Data below →
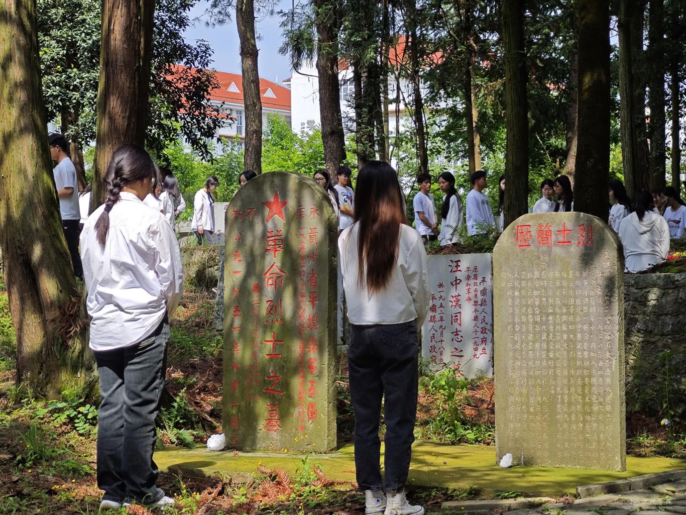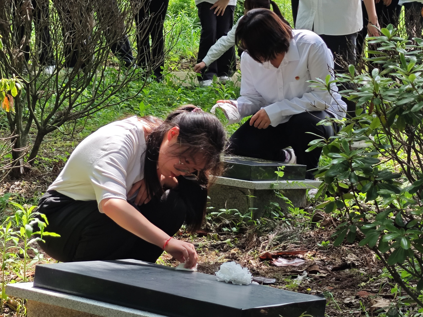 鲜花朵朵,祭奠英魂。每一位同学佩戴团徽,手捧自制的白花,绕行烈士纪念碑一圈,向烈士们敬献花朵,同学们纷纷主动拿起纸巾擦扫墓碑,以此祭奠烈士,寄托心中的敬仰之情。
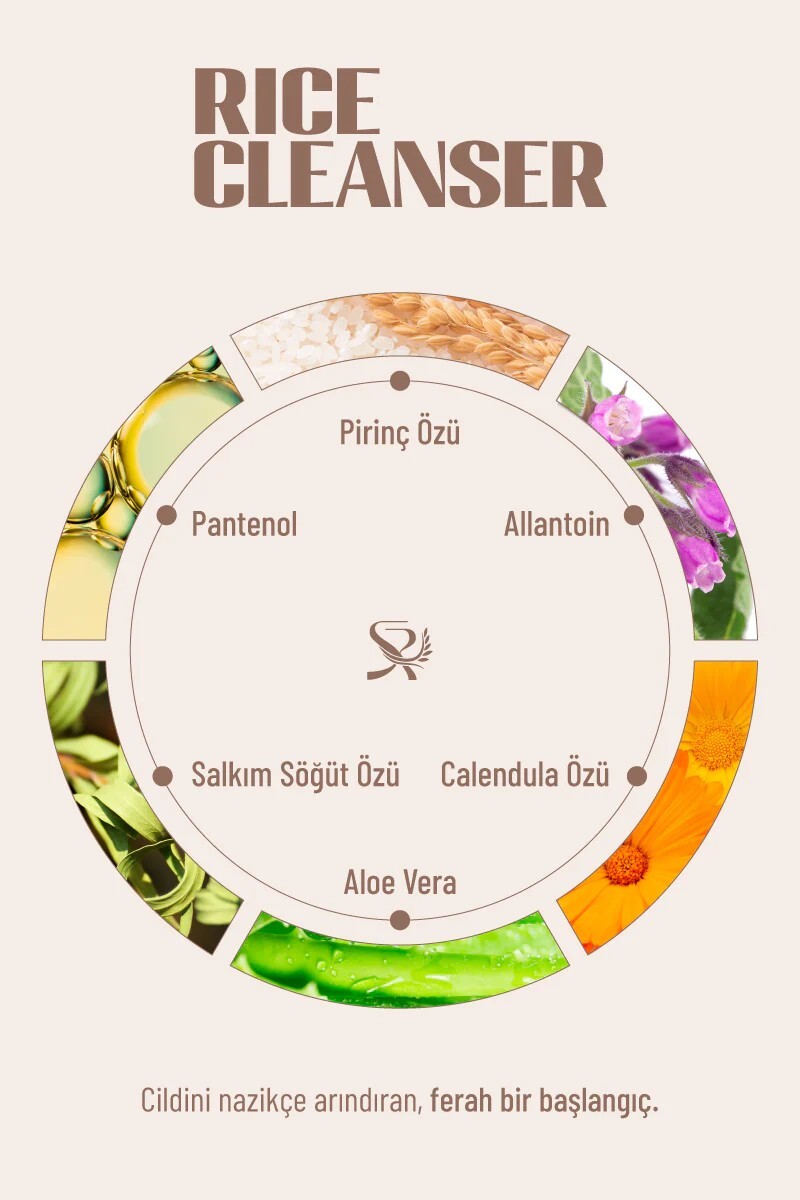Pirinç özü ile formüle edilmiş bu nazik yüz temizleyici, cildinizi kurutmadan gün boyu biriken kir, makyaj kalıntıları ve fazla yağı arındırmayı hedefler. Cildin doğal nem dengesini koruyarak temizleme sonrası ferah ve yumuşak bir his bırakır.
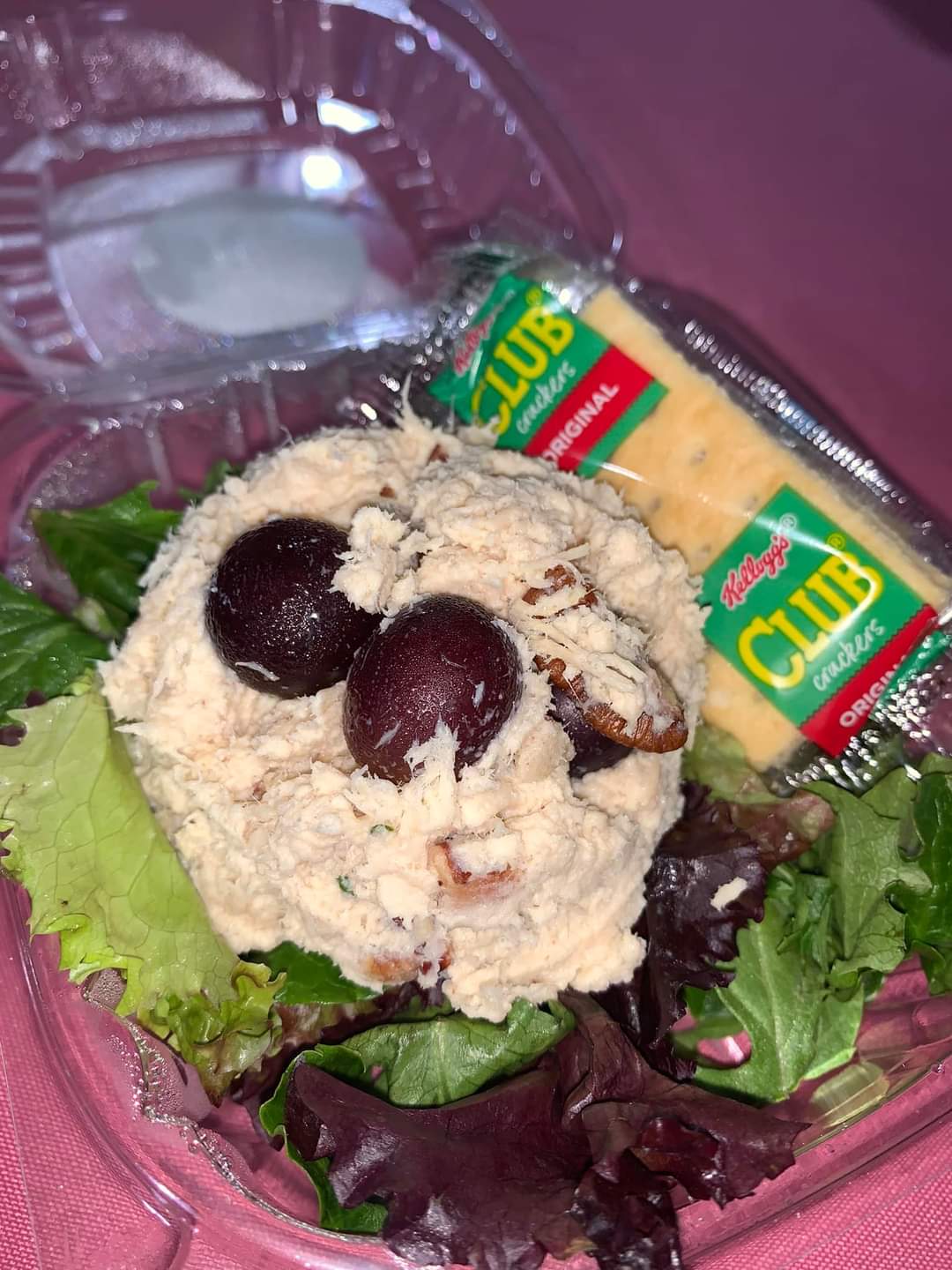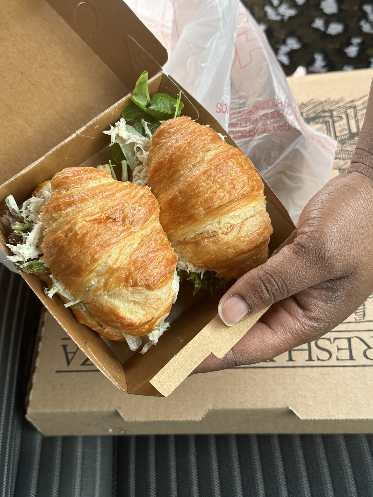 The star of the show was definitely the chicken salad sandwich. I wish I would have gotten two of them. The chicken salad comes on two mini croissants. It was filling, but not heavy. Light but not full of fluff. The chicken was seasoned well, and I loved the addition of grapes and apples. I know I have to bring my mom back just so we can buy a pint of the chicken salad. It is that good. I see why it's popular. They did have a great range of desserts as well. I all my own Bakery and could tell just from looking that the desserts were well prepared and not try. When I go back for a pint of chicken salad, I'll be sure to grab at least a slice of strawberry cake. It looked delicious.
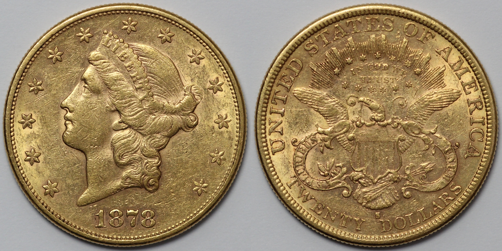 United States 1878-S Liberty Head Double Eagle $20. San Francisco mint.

Work to be completed →
Print the data again word for word, pictures excluded.

Expected answer →
 鲜花朵朵,祭奠英魂。每一位同学佩戴团徽,手捧自制的白花,绕行烈士纪念碑一圈,向烈士们敬献花朵,同学们纷纷主动拿起纸巾擦扫墓碑,以此祭奠烈士,寄托心中的敬仰之情。
Pirinç özü ile formüle edilmiş bu nazik yüz temizleyici, cildinizi kurutmadan gün boyu biriken kir, makyaj kalıntıları ve fazla yağı arındırmayı hedefler. Cildin doğal nem dengesini koruyarak temizleme sonrası ferah ve yumuşak bir his bırakır.
 The star of the show was definitely the chicken salad sandwich. I wish I would have gotten two of them. The chicken salad comes on two mini croissants. It was filling, but not heavy. Light but not full of fluff. The chicken was seasoned well, and I loved the addition of grapes and apples. I know I have to bring my mom back just so we can buy a pint of the chicken salad. It is that good. I see why it's popular. They did have a great range of desserts as well. I all my own Bakery and could tell just from looking that the desserts were well prepared and not try. When I go back for a pint of chicken salad, I'll be sure to grab at least a slice of strawberry cake. It looked delicious.
 United States 1878-S Liberty Head Double Eagle $20. San Francisco mint.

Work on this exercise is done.